“Sunlight is said to be the best of disinfectants.” Brandeis, L.
Supreme Court Justice Louis Brandeis famously wrote in his 1913 article “What Publicity Can Do” that “Sunlight is said to be the best of disinfectants,” discussed here and often cited by proponents of transparency in government. He was referring, apparently, to “the wickedness of people shielding wrongdoers & passing them off (or at least allowing them to pass themselves off) as honest men.” He then reportedly wrote, “If the broad light of day could be let in upon men’s actions, it would purify them as the sun disinfects.” Id.
UsmaData thanks USMA attorneys for confirming what was implied by a change in USMA‘s Office of Institutional Research (OIR) website after usmaData pointed out an embarrassing set of circumstances: They’re monitoring us (Good!). We explore the implications of this new bit of information.
OIR’s Missing Page
We were hoping for an explanation for why USMA OIR changed their webpage to delete the reference to graduate retention data, in any level of detail, including the level of detail – by race – that USMA uses when publishing admissions data, such as this:
It was indeed embarrassing for OIR to implicitly admit the existence of the data and at the same time have their webpage claim the data are not available.
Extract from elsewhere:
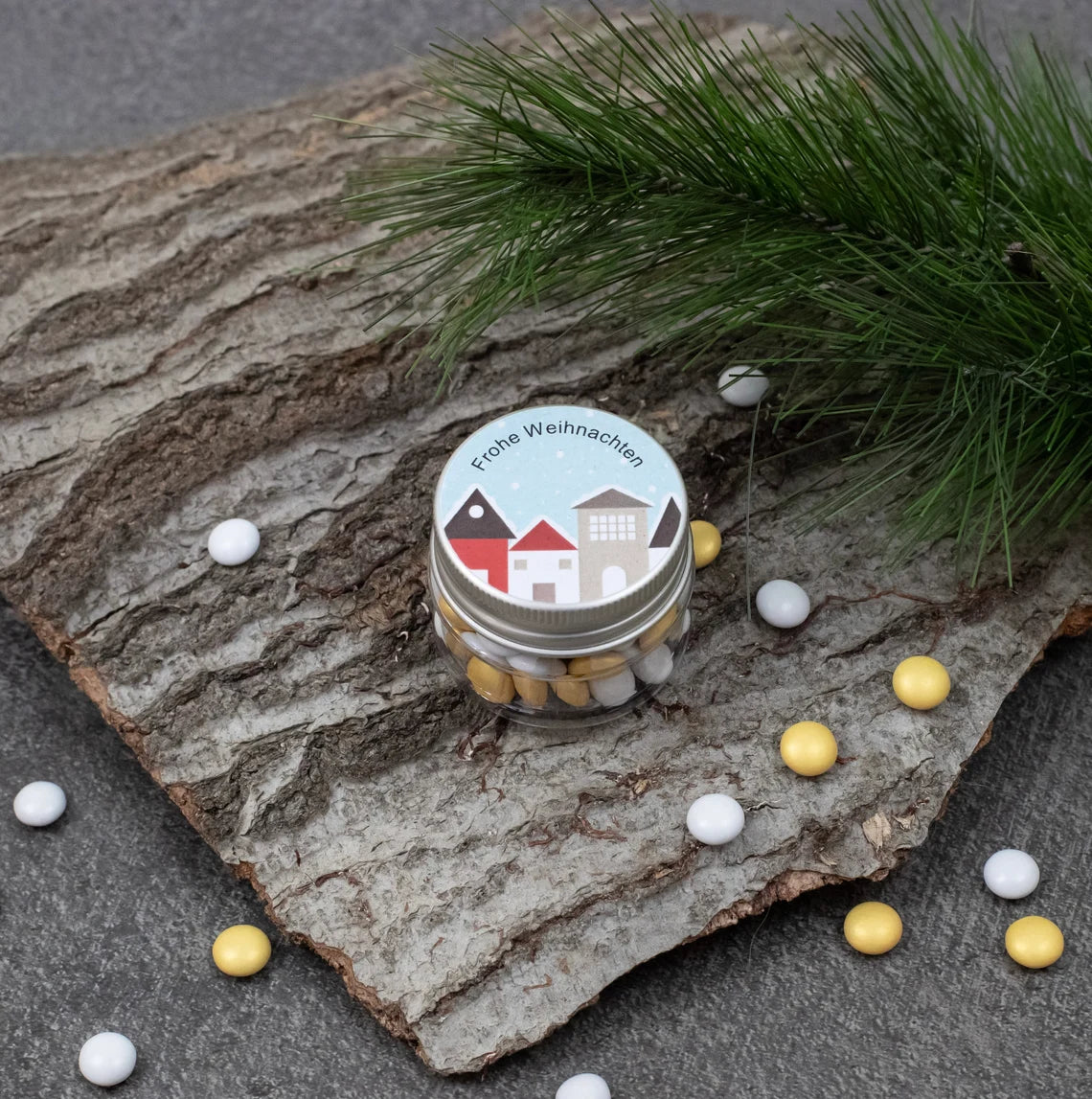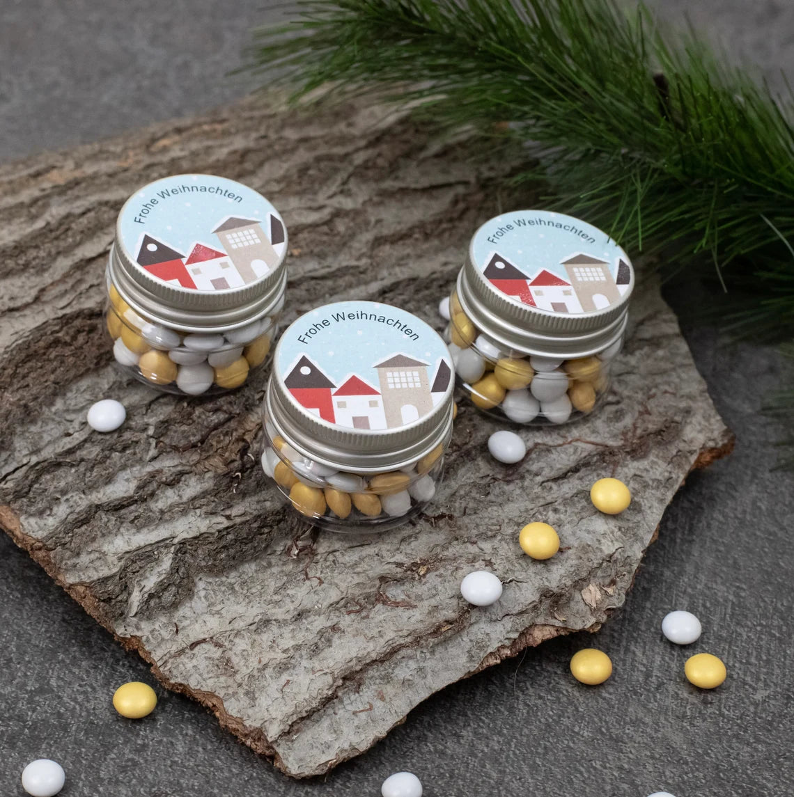 Perfekt für die Vorweihnachtszeit oder Weihnachten: Unsere Vintage-Döschen sind gefüllt mit leckeren Schokolinsen und können nach deinen Wunschfarben gestaltet werden. Ob einfarbig oder gemischt, so passt dein Gastgeschenk perfekt zu deinem Fest!

Obviously, USMA had the data, as the page title “Graduation, Commissioning, and Retention Rates” implies, despite OIR’s express claim that the data were unavailable. Apart from whether their claim of unavailability was untrue or just quibbling, the larger issue is why, before they were called out, did they have the page, then, after they were called out, delete it? What is the real explanation? What are the implications?
So, we first ask: Why does USMA no longer publish graduation, commissioning and retention rate statistics similar to the manner and level of detail in which it readily publishes admissions statistics (which include racial categories) and briefs the Board of Visitors? Relatedly, why did USMA’s G5 Office of Institutional Research delete from its website both the listed category for “Graduation, Commissioning and Retention rates” and the separate page devoted to that subject?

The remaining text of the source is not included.